Whenever I sit down to write an article or speech about the importance of language on websites or mobile apps, I have to turn off that part of my brain that incessantly whispers, “Shouldn’t it be obvious to everyone? Most people prefer speaking, reading, and doing most things in their own language.” Nonetheless, executives responsible for their company’s global presence regularly ask us for data showing the return on investment of translation as they struggle to justify their localization budgets. Many language service and translation software suppliers hear the same demand, so they sprinkle their websites with statistics about consumer preferences for content in their own language.

These suppliers have a big stake in proving the importance of language in every aspect of human life. According to Common Sense Advisory’s annual report on the market, the work of the roughly 18,000 language service providers around the world will account for $37 billion dollars in outsourced revenue this year. This estimate is based on a comprehensive survey of 831 suppliers in which we capture revenue, service and vertical industry data from past years. Our 2014 survey, the fifth thus far in this annual exercise, calculated market growth from 2013 to 2014 at 6.23%. While that’s a healthy percentage, it is lower than it has been at times over the last decade — 12.17% in 2012, for example.

However, that’s only part of the story. These numbers are misleading in that they show changes to revenue but not the demand that we see now and on the horizon. First, let’s consider why revenue growth is declining. In our report on the state of the market, we identified a variety of industry-specific and macroeconomic forces that put pressure on prices, and thus on revenue. These factors include static demand-side budgets, competition from low-wage providers around the globe, growing buyer requirements for a broader range of linguistic quality options priced to suit, the expanding volume of post-edited machine translation, and swelling amounts of translation automation that remove some human interactions — and thus expense — from the cost of producing translations. These forces have conspired across the entire market to limit revenue growth.

On the other hand, we see much demand and untapped opportunity in the market. Common Sense Advisory’s latest research on website globalization found that 60% of the 2,787 sites in our sample — consisting of the most powerful brands and heavily trafficked sites in the world — support two or more languages, while the remainder is monolingual. Across the entire dataset, the average website supports five languages. Organizations that want to reach 80% of the connected world’s economic spending power will have to support at least English, Japanese, German, Spanish, Chinese, French, Italian, Portuguese and Arabic (listed in the order of online economic activity).

Consumers and business buyers alike expect that products, websites, mobile apps and entertainment will be available in their languages. In our 2014 survey of 3,002 consumers in ten countries, we found an unmistakable preference for local-language content across the entire customer experience. Even people proficient in reading English preferred information in their own language over the same content on English-language websites.

Meanwhile, the volume of content created every day steadily increases, and enterprises around the world would like to translate a bigger percentage of it into more languages. Our research shows the most globalized companies translate their websites into 20 or more languages to maximize their marketing reach and economic return, but they are in the minority. Many companies only dream of following the lead of multilingual sites such as Facebook in growing to a billion-plus users.

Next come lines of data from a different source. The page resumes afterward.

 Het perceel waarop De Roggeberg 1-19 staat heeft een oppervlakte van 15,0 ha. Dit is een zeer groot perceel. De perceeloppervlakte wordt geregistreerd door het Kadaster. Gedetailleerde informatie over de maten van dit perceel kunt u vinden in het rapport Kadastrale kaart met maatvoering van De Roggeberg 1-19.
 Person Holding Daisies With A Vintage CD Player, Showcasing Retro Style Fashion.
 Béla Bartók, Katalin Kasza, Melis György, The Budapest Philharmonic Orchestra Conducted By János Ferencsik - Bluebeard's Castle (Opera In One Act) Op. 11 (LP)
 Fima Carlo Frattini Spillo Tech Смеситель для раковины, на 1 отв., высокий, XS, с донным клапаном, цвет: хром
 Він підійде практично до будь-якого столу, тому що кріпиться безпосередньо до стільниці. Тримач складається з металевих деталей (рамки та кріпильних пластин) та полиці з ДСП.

What does all this mean for providers of language services? More revenue opportunities. Most companies and governments outsource the majority of such work because it’s not among their core competencies to produce translations into dozens of languages on an as-needed basis. Instead, they hand the job off to third parties who have created businesses and optimized their practices to manage this kind of activity.

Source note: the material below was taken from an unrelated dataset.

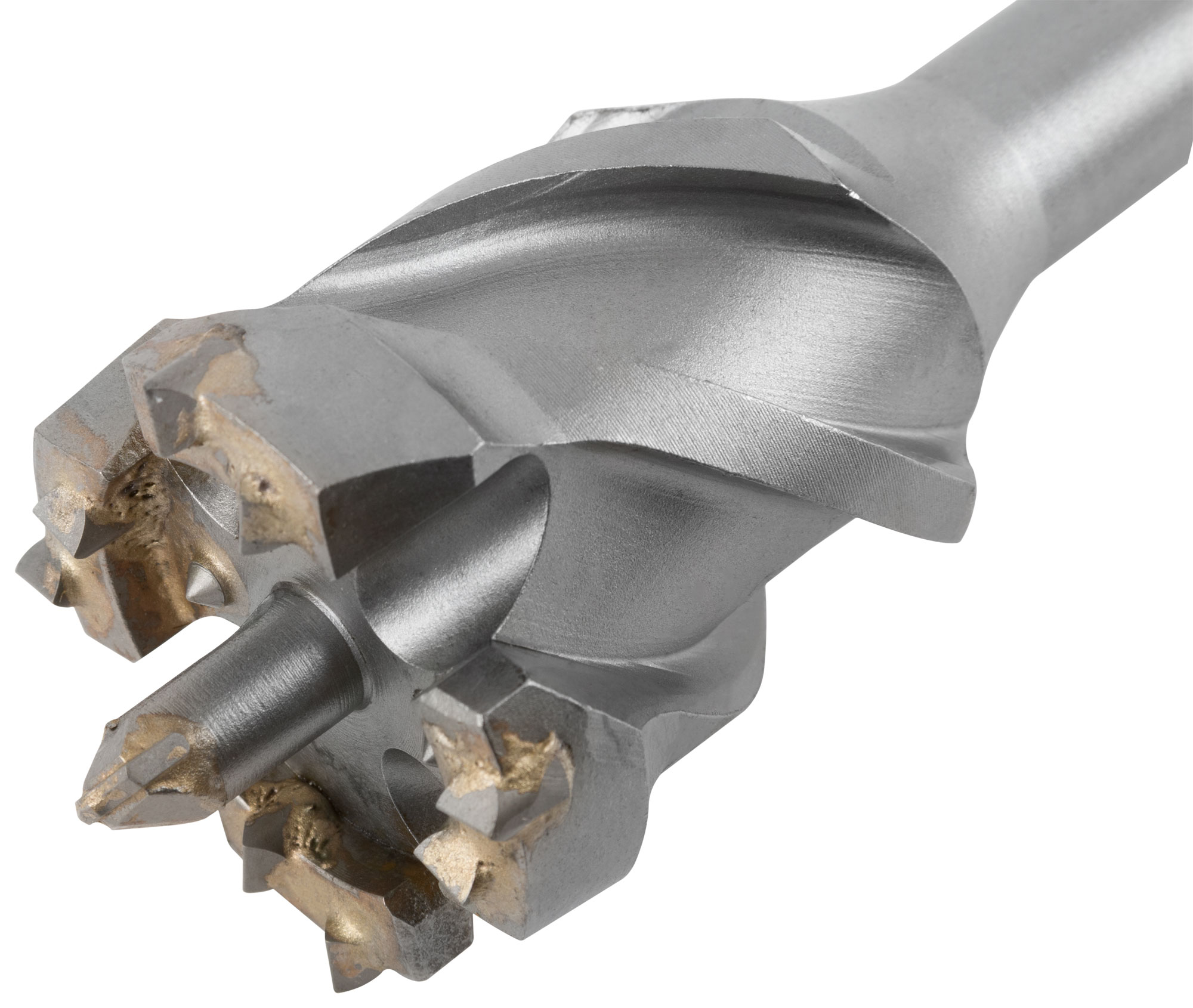 Бур оснащен хвостовиком SDS-MAX и изготовлен из термообработанной легированной инструментальной стали 40 Cr. Твердосплавные резцы из карбида вольфрама ВК8С обеспечивают высокую износостойкость, а тройная спираль улучшает отвод пыли и крошки.

These providers have traditionally catered to buyers in localization departments who know what it takes to deliver a good translation. However, these specialists are being joined by new buyers with differing viewpoints and requirements on language purchasing within enterprises. To many of them, translation is a business process to be outsourced. Procurement departments expect low price, accountability and adherence to standard business process outsourcing (BPO) management practices. IT departments want a plug-in utility to “solve” the translation problem. Marketing doesn’t want to exclude any potential buyers, so its goal is to make content automatically appear in the language of the customer.

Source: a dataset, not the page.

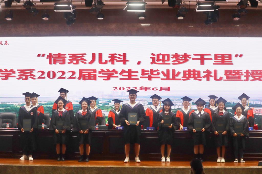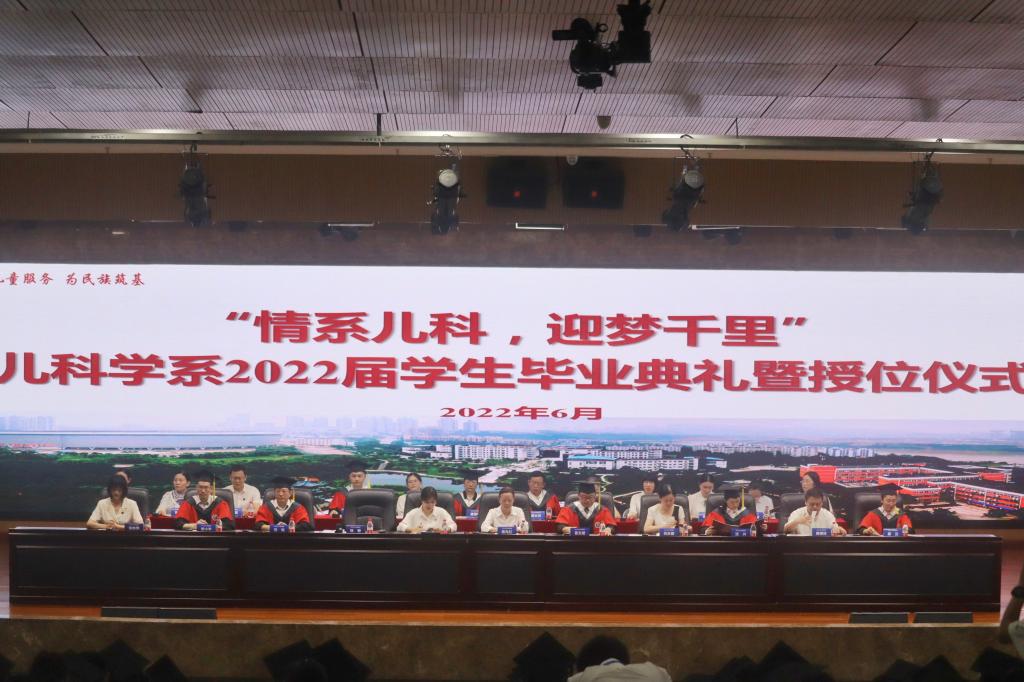 6月21日,儿科学系在城北校区第一学术报告厅举办了“情系儿科,迎梦千里”毕业典礼暨授位仪式。校学生工作部副部长易娟、儿科学系主任董文斌、儿科学系党总支书记杨敏、系党总支委员、历届党政班子成员、临床科室业务领导、教研室主任、教学秘书、教师代表、班导师代表、全体2022届儿科学硕士研究生和本科生、学生家长代表等出席典礼,典礼由杨敏主持。

Successful providers will adopt the practices of a mainstream BPO such as third-party suppliers of IT, financial, or supply chain services. They will become more professional in their dealings with their clients, managing their operations to the same BPO standards as those other corporate functions. They will scale their operations to meet their clients’ need to do more with less, using a mix of low-cost production centers, machine translation, proxy servers and expert systems to increase efficiency and productivity. In all cases, their goal must be to provide clients with the local-language content that their customers expect — and to help them out with the business case.